Toplumun en hassas noktalarına yani fay hatlarına dokunmaktan hiç çekinmeyenler yine sahneye çıktı. Türkiye’nin en kanlı dönemlerinin figüranı olan Perinçek’in Kandil’e ‘kardeşlerim’ mesajlarını göndererek Güneydoğu’da cirit atması, 90’ların karanlık Türkiye’sini hatırlattı bize. Yine kendisi Bekaa vadisindeki kardeşlerine ellerinde güllerle gidip gelirken Doğu ve Güneydoğu’da kan gövdeyi götürüyordu.

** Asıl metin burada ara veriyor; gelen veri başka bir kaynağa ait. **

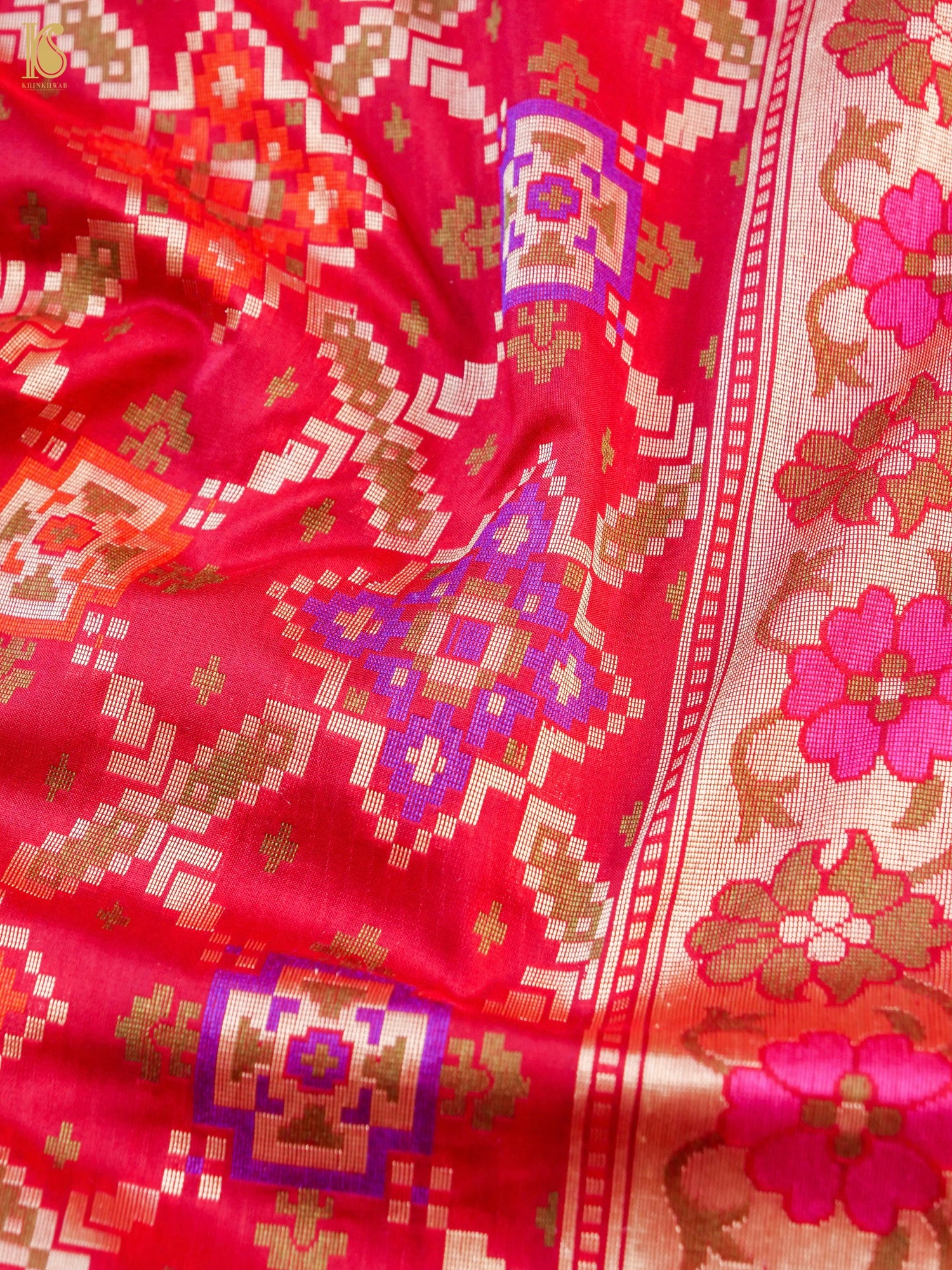 Introducing Khinkhwab's enchanting Katan Silk collection, designed to captivate your heart. Explore the allure of our meticulously crafted handloom sarees, featuring an exclusive gharchola  design pattern from patola collection.

Toplumun hassas noktalarına ne oy için, ne siyasi ikbal için ve ne de başka hiçbir şey için kimsenin dokunmaya hakkı yoktur. Acı, kan ve gözyaşı üzerine siyaset inşa edenlerin ellerinin koparılması gerekir. Memlekete eski kanlı yılları yaşatanların hiç kimseye verecekleri bir şeyleri yoktur. Sorumluluk makamında olanların buna izin vermemesi, hele hele asla tevessül etmemesi gerekir. Yirmi yıldan fazla bir tecrübeye sahip iktidar partisinin bu tür aktörlerden medet umması ise kendilerine asla yakışık almaz.

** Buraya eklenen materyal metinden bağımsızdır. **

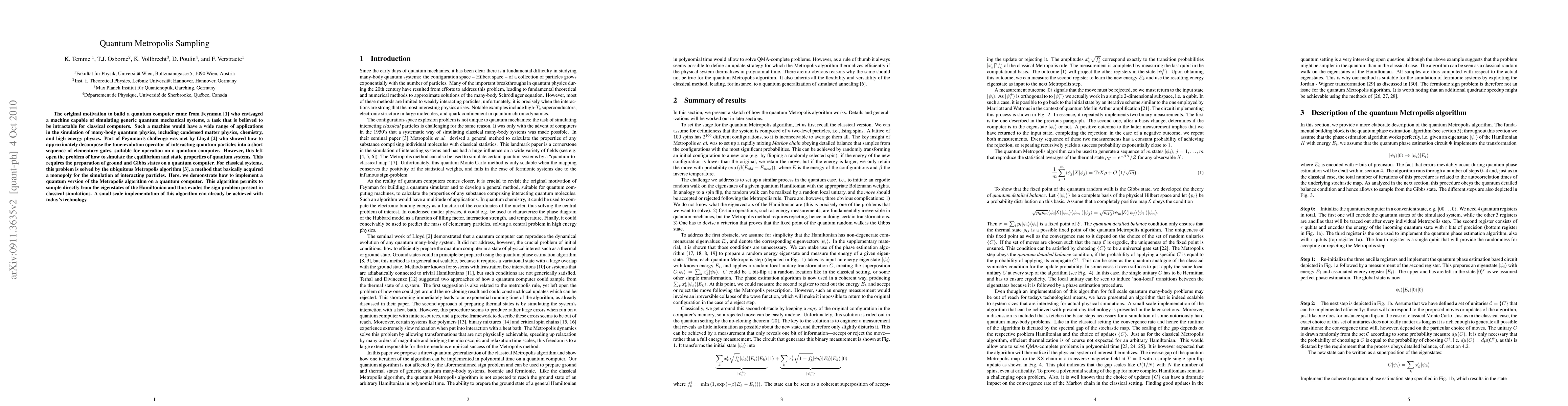 The original motivation to build a quantum computer came from Feynman who envisaged a machine capable of simulating generic quantum mechanical systems, a task that is believed to be intractable for classical computers. Such a machine would have a wide range of applications in the simulation of many-body quantum physics, including condensed matter physics, chemistry, and high energy physics. Part of Feynman's challenge was met by Lloyd who showed how to approximately decompose the time-evolution operator of interacting quantum particles into a short sequence of elementary gates, suitable for operation on a quantum computer. However, this left open the problem of how to simulate the equilibrium and static properties of quantum systems. This requires the preparation of ground and Gibbs states on a quantum computer. For classical systems, this problem is solved by the ubiquitous Metropolis algorithm, a method that basically acquired a monopoly for the simulation of interacting particles. Here, we demonstrate how to implement a quantum version of the Metropolis algorithm on a quantum computer. This algorithm permits to sample directly from the eigenstates of the Hamiltonian and thus evades the sign problem present in classical simulations. A small scale implementation of this algorithm can already be achieved with today's technology

Türkiye Yüzyılı sloganıyla büyük bir vizyon, büyük bir iddia, aynı şekilde büyük bir umut verilmeye çalışılmasından sonra bu tür aktörlerin sahada boy göstermesi, açıkçası büyük bir hayal kırıklığıdır. Umut tacirliği yapmak, yapılmasına müsaade etmek, sihirbazların gözleri yanıltarak ellerindeki ipleri yılana dönüştürmesinden farksızdır. Kürt meselesine dair en büyük vizyon, temel insan hakları ve özgürlüklere dair atılacak somut adımlardır. Bunu yapacak olan da kan ve gözyaşı simsarları değil, hükümetin kendisidir.

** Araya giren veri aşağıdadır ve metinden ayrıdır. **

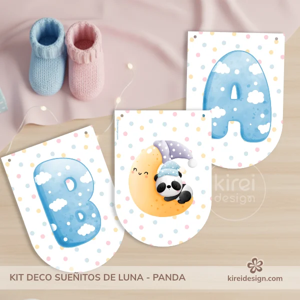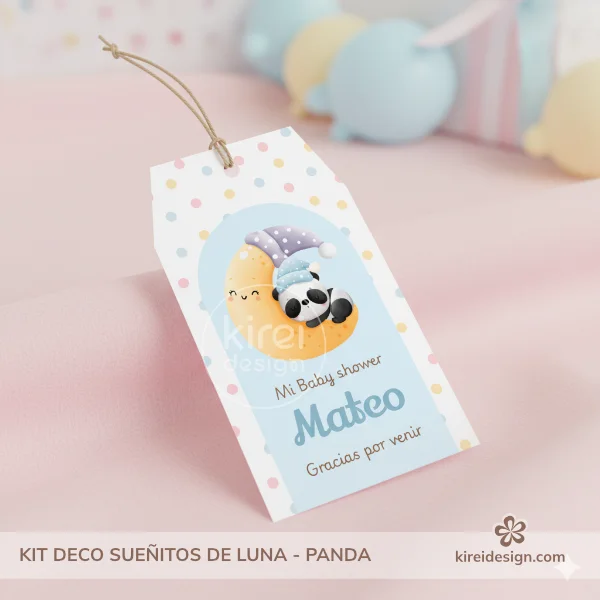 Celebra un Baby Shower dulce y armonioso con el Mini Kit de Decoración “Sueñitos de Luna – Panda Niño”. Un diseño tierno con un panda durmiendo sobre la luna, pensado para decorar la mesa y los pequeños detalles de forma fácil, bonita y coordinada.

Hukukta malum, ihsas-ı rey diye bir kavram vardır. Bir zorunluluk olmamasına rağmen oyunun rengini önceden belli ederek tarafını seçmek anlamına gelir. Eski aktörlerin sahaya sürülmesi aslında bu konuda ihsas-ı reydir. Çözümsüzlükten yana açık bir irade beyanıdır. Bu tür girişimler merkezi bir irade ile değil de bu aktörlerin kendi tercihleri ise; bizzat girişimcinin bir sabotajı olarak algılanmalıdır. Ancak bu aktörlerin sahaya sürülmesi merkezi bir irade ile yapılmış ise bu durum, merkezi iradenin daha oyunun başında çözümsüzlüğe odaklandığını ve toplumu sadece manipüle ettiğini ortaya koymaktadır.
Defalarca halka izlettirilen filmleri bir daha vizyona koymanın ne anlama geldiğini hepimiz biliyoruz aslında. Çözümsüzlüğü çözüm diye servis etmek artık inandırıcı değildir. Kimse bu palavraya inanmaz.